Posts by timhowes@mastodon.social
 (DIR) Post #ASTnwLerLtUTtyNzNI by timhowes@mastodon.social
       2023-02-08T19:47:09Z
       
       0 likes, 0 repeats
       
       @tek @keifer  The “security key” version is just for FIDO2/U2F authentication. The Yubikey 5 has additional functionality like OTP, PGP, and smart card protocols.
       
 (DIR) Post #ASTouLXMvjrEtzUXAG by timhowes@mastodon.social
       2023-02-08T19:57:00Z
       
       0 likes, 0 repeats
       
       @tek @keifer Yes, that’s exactly what it’s good for.
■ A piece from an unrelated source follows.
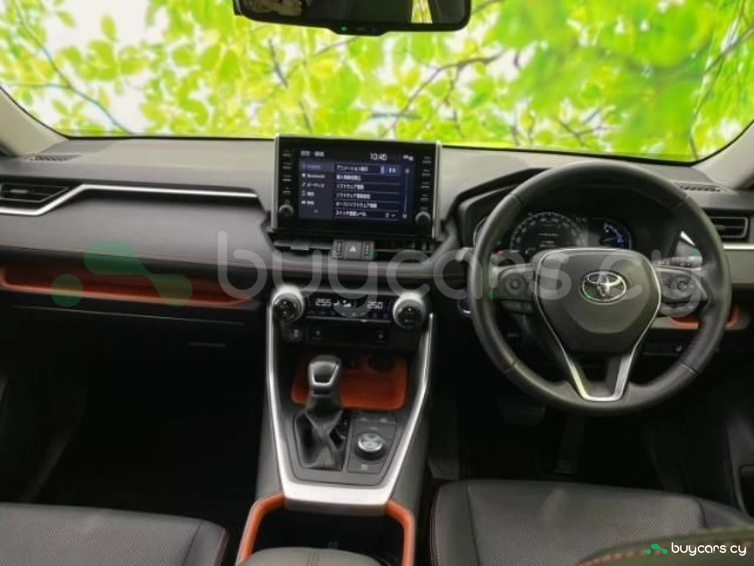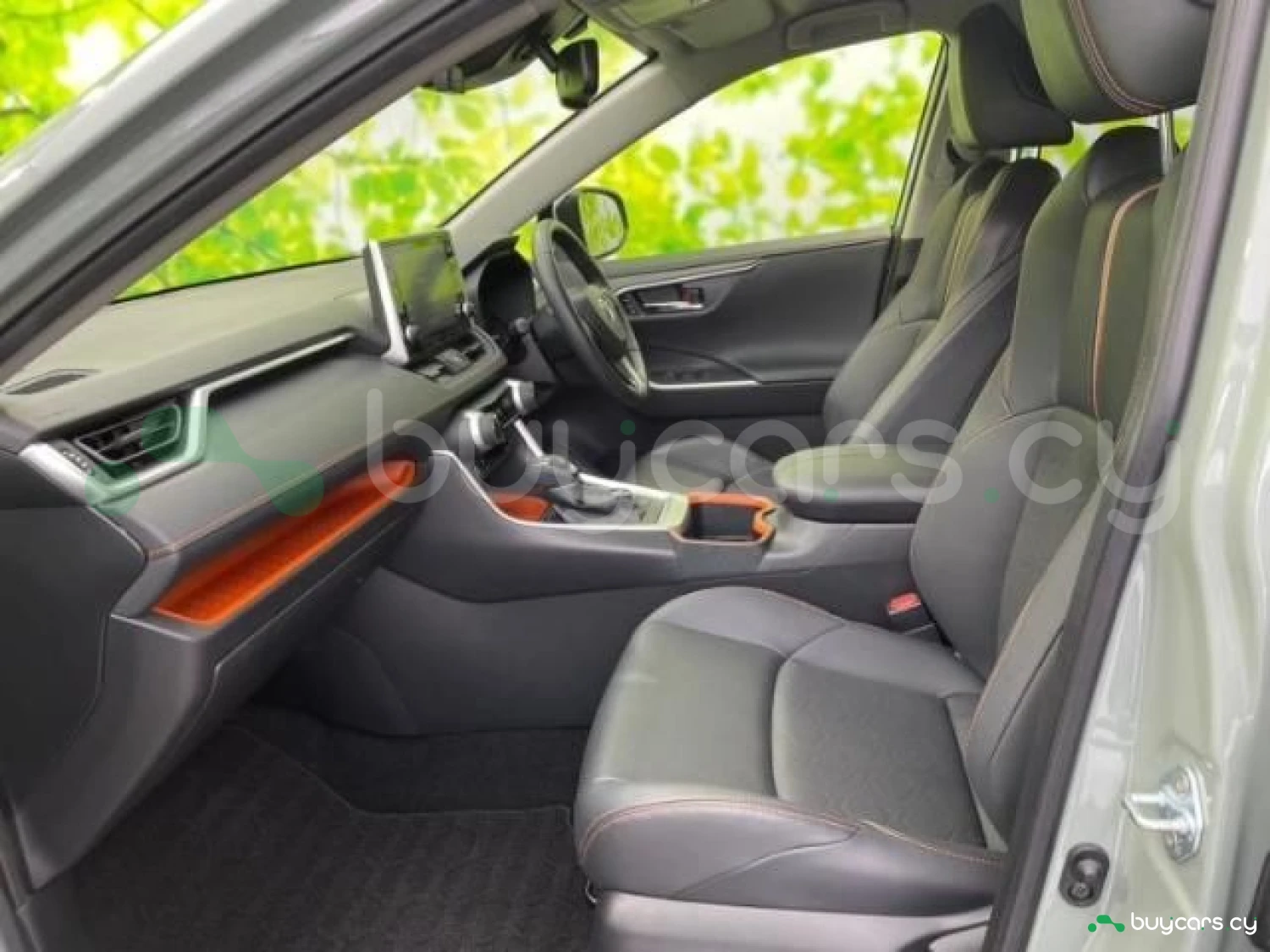 The cabin of the RAV4 Adventure is designed for practicality and comfort, with durable soft-touch materials, orange accent stitching, and an adventure-themed interior trim. It offers spacious seating for five, heated front seats, dual-zone climate control, and a leather-wrapped steering wheel. The infotainment system includes an 8-inch touchscreen with Apple CarPlay and Android Auto, along with a 7-inch digital driver display.
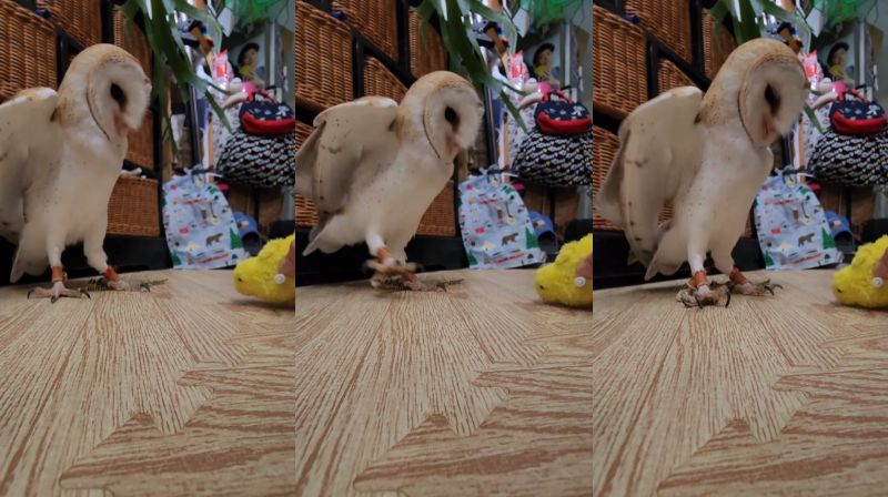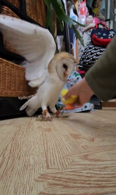 2. 【メンフクロウvsひよこちゃん】「強気になったひよこ」にドン引きするメンフクロウ

You can use it as a strong second factor for 2FA. Either insert in your laptop and tap the button or use NFC for your phone. Some websites may have a fully “passwordless” login flow where you insert the key and use a PIN or biometrics to activate the key and log in.
       
 (DIR) Post #ASTph9AdhJfkjm86qm by timhowes@mastodon.social
       2023-02-08T20:07:23Z
       
       0 likes, 0 repeats
       
       @keifer @tek Unfortunately, the recent LastPass compromise involved direct access to the encrypted vaults in cloud storage, bypassing web-based login and 2FA. So, those compromised vaults are really only protected by the strength of the master password.
       
 (DIR) Post #ASTrhdpbtwLVjqeoEq by timhowes@mastodon.social
       2023-02-08T20:16:33Z
       
       0 likes, 0 repeats
       
       @keifer @tek With 2FA on, you ensure that, even if someone gets access to your password, they won’t be able to log in to the LastPass website and get access to your vault. But if they’ve already obtained the vault file directly from LastPass’s internal storage, then they only need the password to decrypt it.